The staff had been arguing for an hour, while outside the endless column of mud-spattered armoured carriers made their way north. Sigurd had said little; there was little to say, even had he been in the chain of command. This was, in a sense, the war he had spent all his life preparing for, before he joined the Secret Hird: The war of armoured brigades and heavy infantry for control of Europe, NBC-weapons-free. And the war games, the seminars, the long simulations with orders of battle down to individual soldiers, run on the best computers of 2218 – none of that had been of any use. The assumptions about what rational statemen would consider acceptable casualties had gone out the window in the first week, when the Germans called down nuclear fire on their own cities and broke three Yngling armies in doing so.
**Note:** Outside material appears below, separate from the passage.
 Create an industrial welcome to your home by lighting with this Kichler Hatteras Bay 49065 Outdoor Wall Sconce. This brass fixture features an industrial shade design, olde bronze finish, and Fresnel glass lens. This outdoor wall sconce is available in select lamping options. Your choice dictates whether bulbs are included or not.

Sigurd had watched, helplessly, as the deep-blue “armoured division” counters on the maps – massed to sweep into the industrial regions of Germany, opposed only by a thin line of Landswehr militia – had been replaced by the blue-grey of “friendly forces, status unknown” and then the purple of “friendly forces, not suited for combat”. He had watched with a mixture of nausea and pride as the second-line forces passed through the remnants of their armour and fought their way to the Elbe; and then pride had turned to ashes as the second bombardment fell. There was nothing he could do. He had passed on all the uptime knew of doctrine for fighting a nuclear war. But two hundred years of theory had flashed away in the sun-bright glare of radiation when the missiles fell on Lubeck and Hamburg, on Copenhagen and Bremen. The Baltic coast would be an uninhabited wasteland for decades to come, and whose doctrine had foreseen that? Madness… but very effective madness. The Yngling ambition to rule Europe was at an end.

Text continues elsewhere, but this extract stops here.